The India State-Level Disease Burden Initiative collaborators have reported a significant heterogeneity in the trends of age-standardized incidence of top 10 cancers, including lung cancers from the year 1990 to 2016 in different states of India.[11] The heterogeneity varied from 3.3 times to 11.6 times for the four most common cancers, namely, lip and oral, breast, lung, and stomach cancers.[11] In men, the crude lung cancer incidence rate was the highest in Kerala and Mizoram (19.5 [17.5–21.3] and 18.9 [17.2–20.5], respectively), whereas in women, it was the highest in Mizoram and Manipur (18.9 [10.7–20.8] and 8.3 [6.5–9.2], respectively).[11] In 2016, the crude deaths and disability-adjusted life-years (DALY) rate for lung cancer was the highest in Mizoram (502·8) followed by Kerala (276·1), Manipur (274·1), and Jammu and Kashmir (269·0).[11] As per the Global Burden of Diseases, Injuries, and Risk Factors Study (GBD) for lung cancer in India, 43.2% of the lung cancer DALYs were attributed to tobacco consumption and 43% to air pollution in 2016[11] and are considered to be the leading risk factors for lung cancers.[11] The most common histology for nonsmokers is adenocarcinoma and SqCC for moderate to heavy smokers.[12]
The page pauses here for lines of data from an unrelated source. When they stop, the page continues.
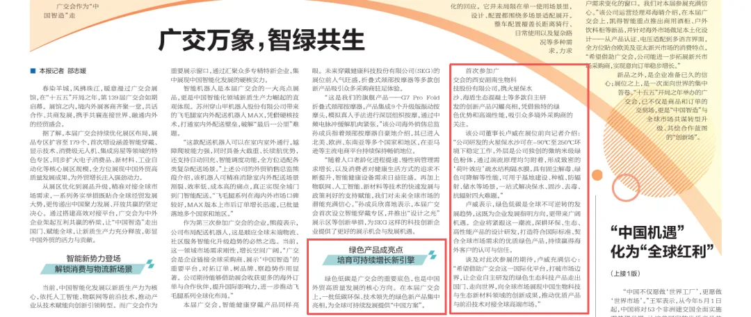 近日,第139届中国进出口商品交易会在万众瞩目中盛大启幕,这场汇聚全球商机与智慧的经贸盛会,吸引了众多国内外企业竞相参与。西安湄南生物科技股份有限公司(以下简称“湄南高科”)作为绿色生态复合新材料领域的创新领袖,携全系列产品重磅亮相,成为展会上一颗耀眼的明星,不仅吸引了全球客商纷纷驻足洽谈,更引得央视新闻、人民日报、新华网、环球网、中国日报、商务部等多家媒体现场报道,CCTV1、CCTV13现场进行专题直播报道。
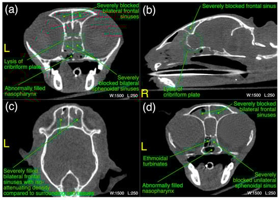 (a–d) A variety of computed tomographic changes of frontal sinus region are labeled for pathologies related to acute/chronic infectious respiratory disease signs in Cats 12 and 21. Window, level and laterality are also labeled for each section.
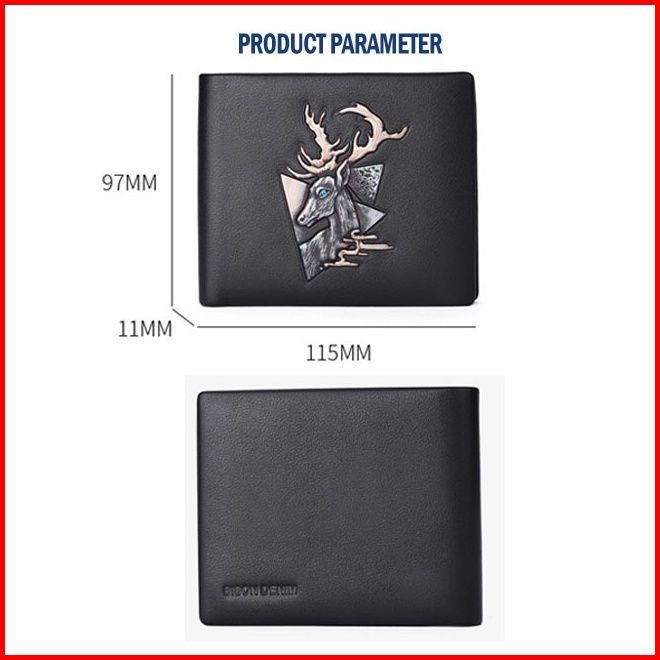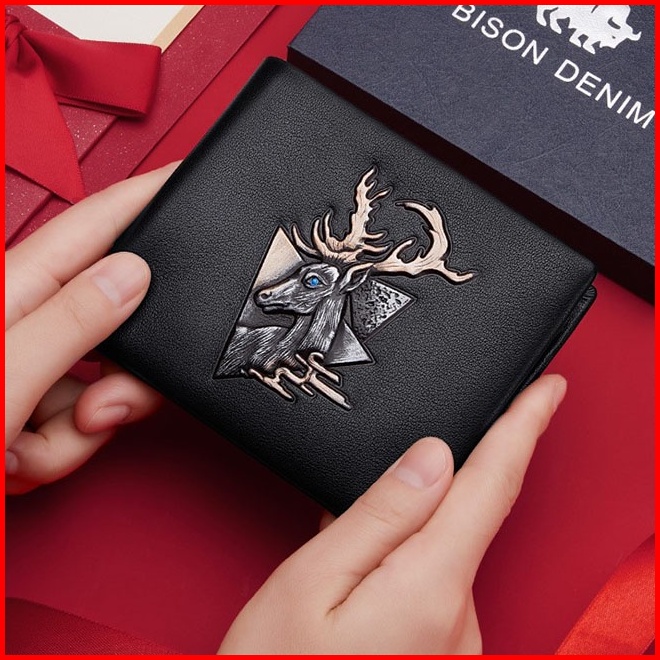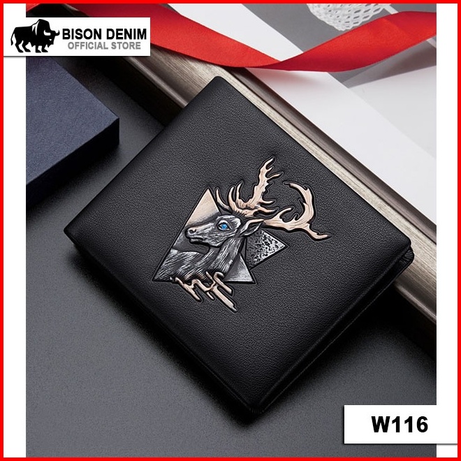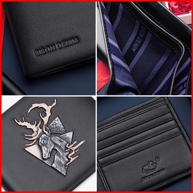 Dompet Pria Kulit Sapi Asli Deer Emboss Logo Original Bison Denim Bifold Wallet W116
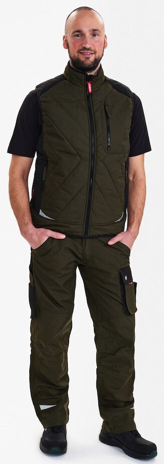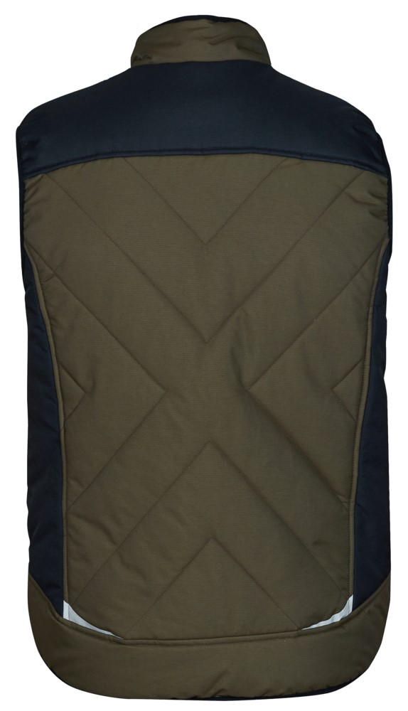 Warme Winterweste mit hohem Kragen und verlängerter Rückenpartie. Weiches Microfleece innen im Kragen. Frontreißverschluss. Zwei geräumige Einschubtaschen und eine Brusttasche, alle mit Reißverschluss. Innentasche ebenfalls mit Reißverschluss. Die Weste hat einen Gummizug in Bund und Armöffnungen, sodass weniger Wind eindringt.
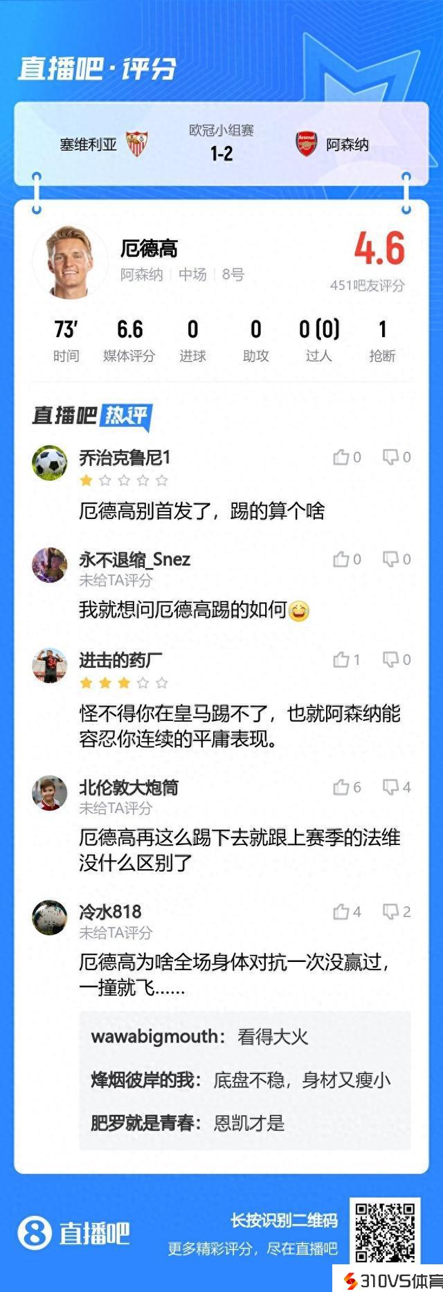 蹩脚!吧友为厄德高打出4.6分:对立一次没赢过 别首发了 踢的啥
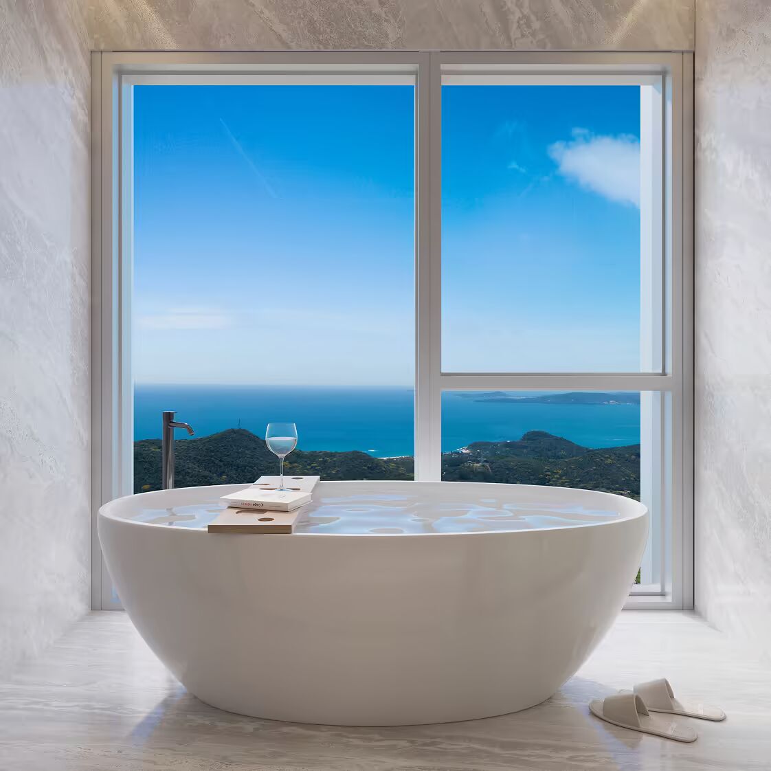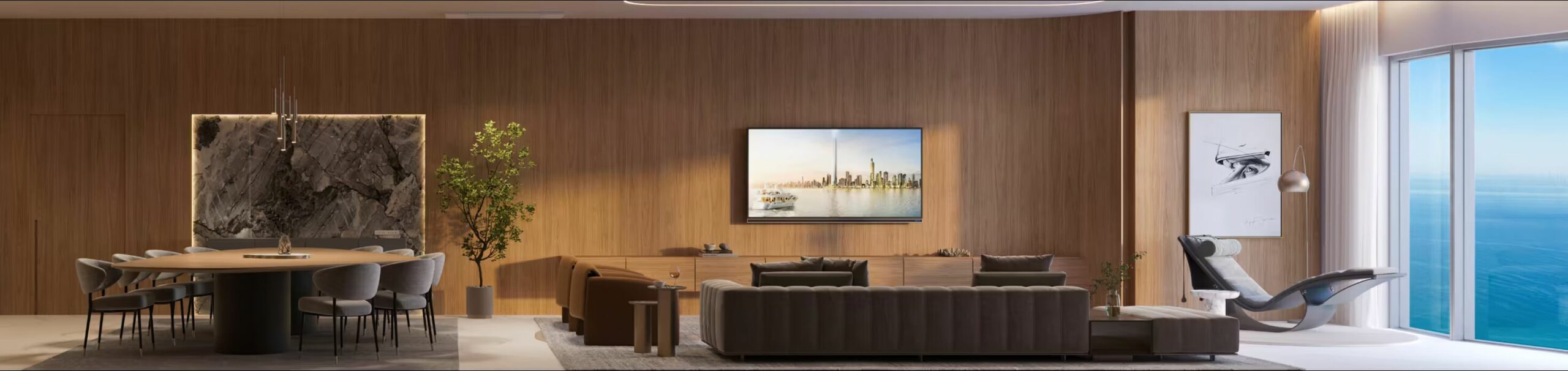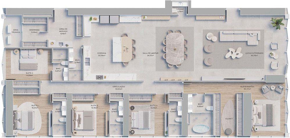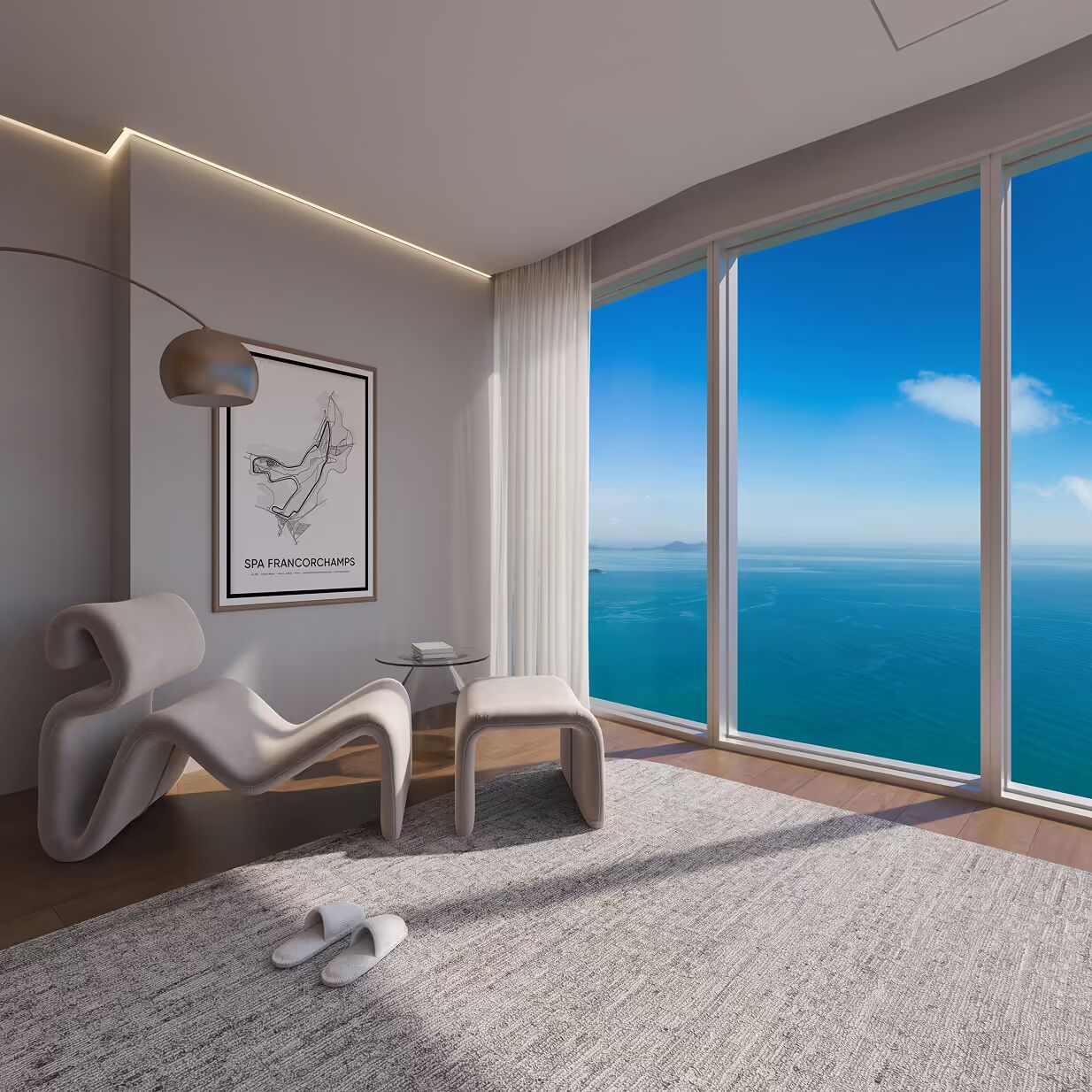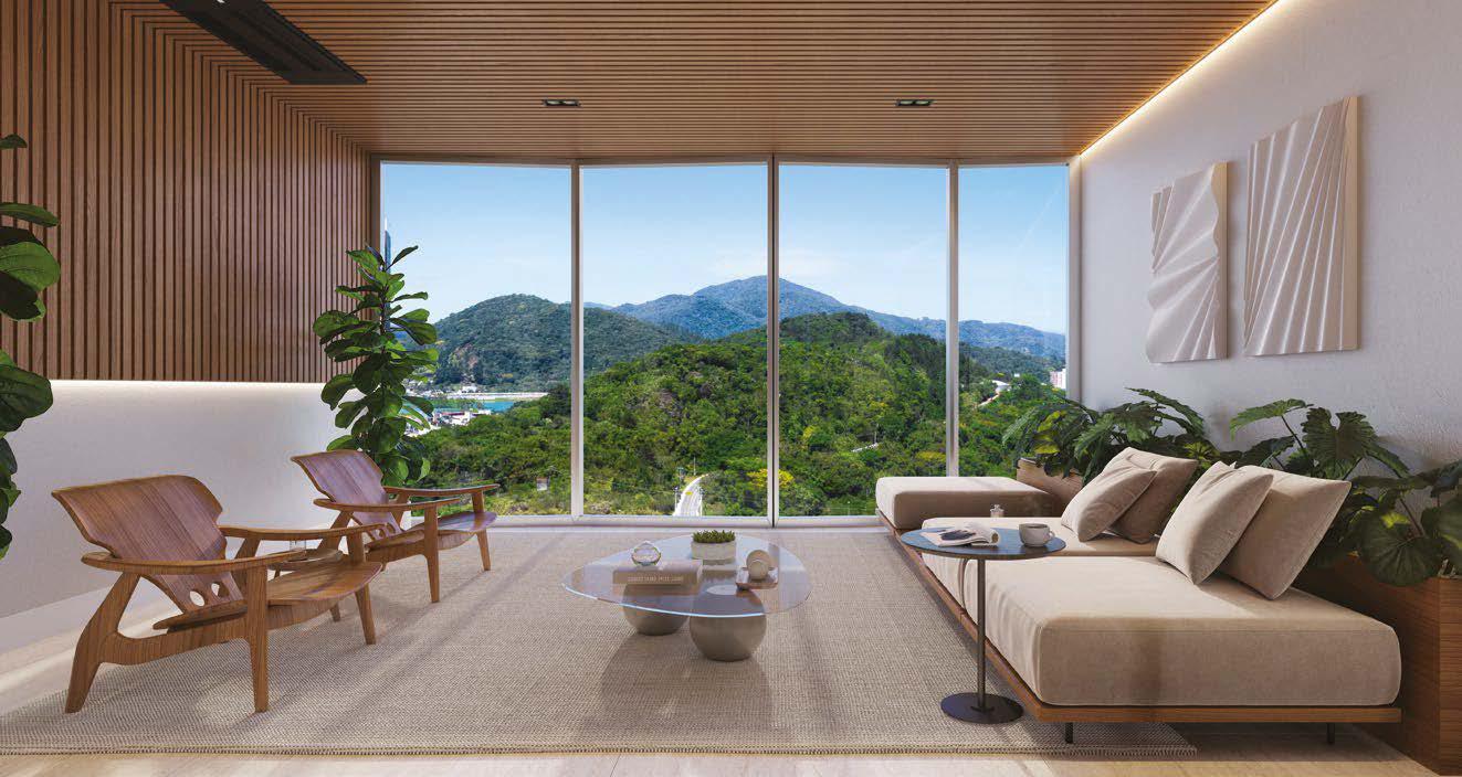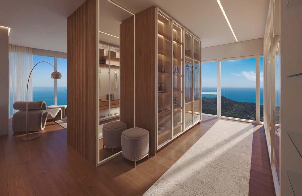 Os apartamentos do Senna Tower possuem metragens entre 300 m² e 400 m², com 5 suítes, incluindo uma master frente mar com sala de banho e banheira de imersão. A planta prioriza integração e amplitude, com janelas amplas que valorizam a vista para o oceano e a Mata Atlântica. Os ambientes contam com acabamentos de alto padrão e distribuição funcional que reforça conforto, privacidade e luminosidade natural.
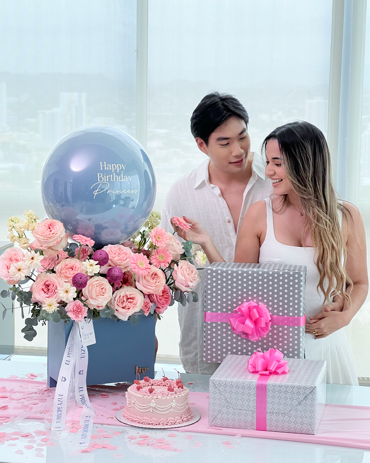 Imagine un arreglo que fusiona la elegancia de las rosas de jardín con el toque festivo de un globo personalizado.
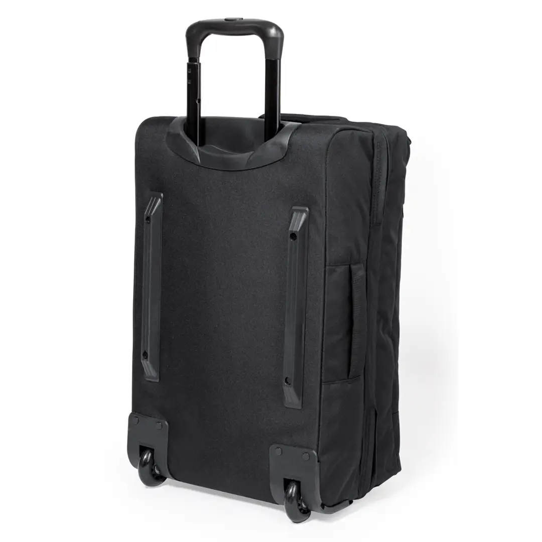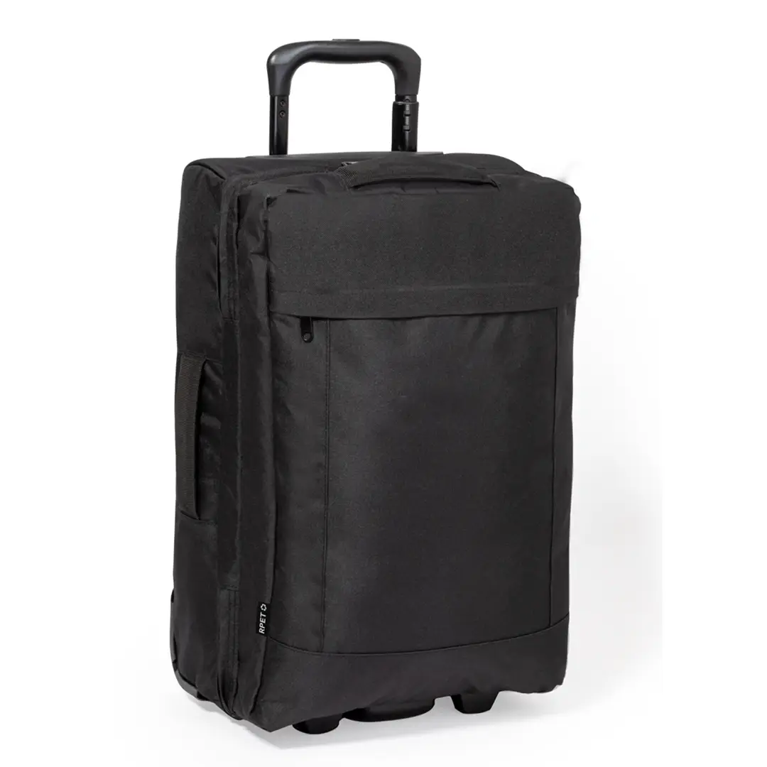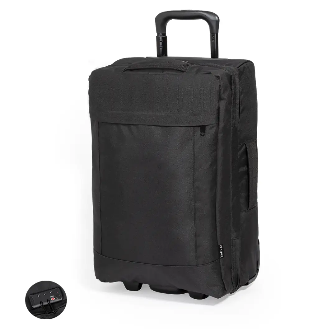 Trolley fabricado en resistente 600D RPET. Compartimento principal con cierre de cremallera de doble tirador conforme a los estándares TSA -Administración de la Seguridad en el Transporte-, que permite a las autoridades de aduanas inspeccionar el contenido del equipaje sin tener que forzar o romper el cierre, usando una llave especial a disposición de la autoridad.Interior forrado además de organizador en la zona central. Exterior con bolsillo frontal con cierre de cremallera invisible y 2 asas acolchadas de transporte. Mecanismo extensible metálico en negro, con cómoda asa de transporte y 2 ruedas. Logotipo RPET en etiqueta exterior.El material RPET se elabora a partir de plástico reciclado, para así fomentar la reutilización de residuos plásticos y ayudar a la sostenibilidad del planeta.
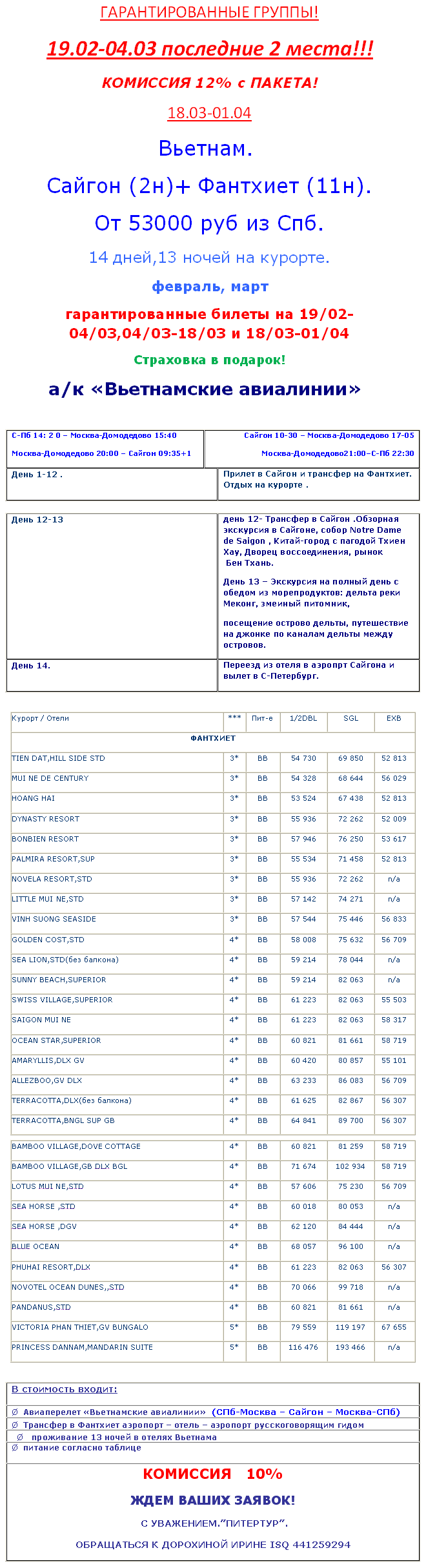 01 Фев 2012 15:26:24 ВЬЕТНАМ 18.03-01.04 Сайгон + Фантхиет от 53 000 руб из СПб от фирмы ПИТЕРТУР
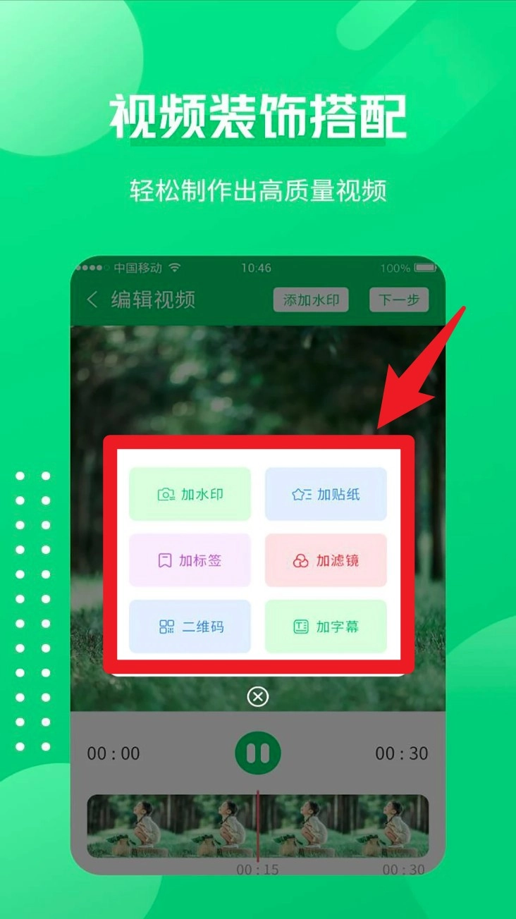 在“编辑视频”页面,你可以添加水印、贴纸、标签、滤镜、二维码、字幕等装饰元素,以此来对视频风格进行自定义设置。

Adenocarcinoma is the most common variant of lung cancer followed by SqCC in the Western countries and many of the Asian countries[4]; however, in a retrospective analysis of 1,301 lung cancer patients (2011–2015) in North India, adenocarcinoma and SqCC were found to be equally prevalent (36.4% each).[13] On the other hand, NSCLC not otherwise specified (NSCLC-NOS) significantly decreased in prevalence (10.9% in 2012 to 5.1% in 2017; P < 0.001).[13] Majority of all newly diagnosed lung cancer patients (83.4%) had advanced disease (Stages IIIB and IV) and were current/ex-smokers (76.9%).[13] A retrospective study (2018) from Kerala (South India) reported the prevalence of SqCC (29%) to be higher than adenocarcinoma (26%).[14] Although SqCC is considered to be the most common histological type of lung cancer in India, recent studies show an increased prevalence of adenocarcinoma over the SqCC.[15],[16],[17],[18] A retrospective study of prospectively collected data on lung cancer from a tertiary care center in Chennai (South India), during a 5-year period, showed the most common histology to be adenocarcinoma (42.6%), followed by SqCC (15.6%).[16] Another cross-sectional study in Madurai (South India) from 2018 to 2019 detected 50% adenocarcinoma and 36% SqCC in suspected lung cancer patients.[17] In a study by Murali et al. (2017)[18] in Chennai (South India) adenocarcinoma was found in 51% lung cancer patients who underwent treatment.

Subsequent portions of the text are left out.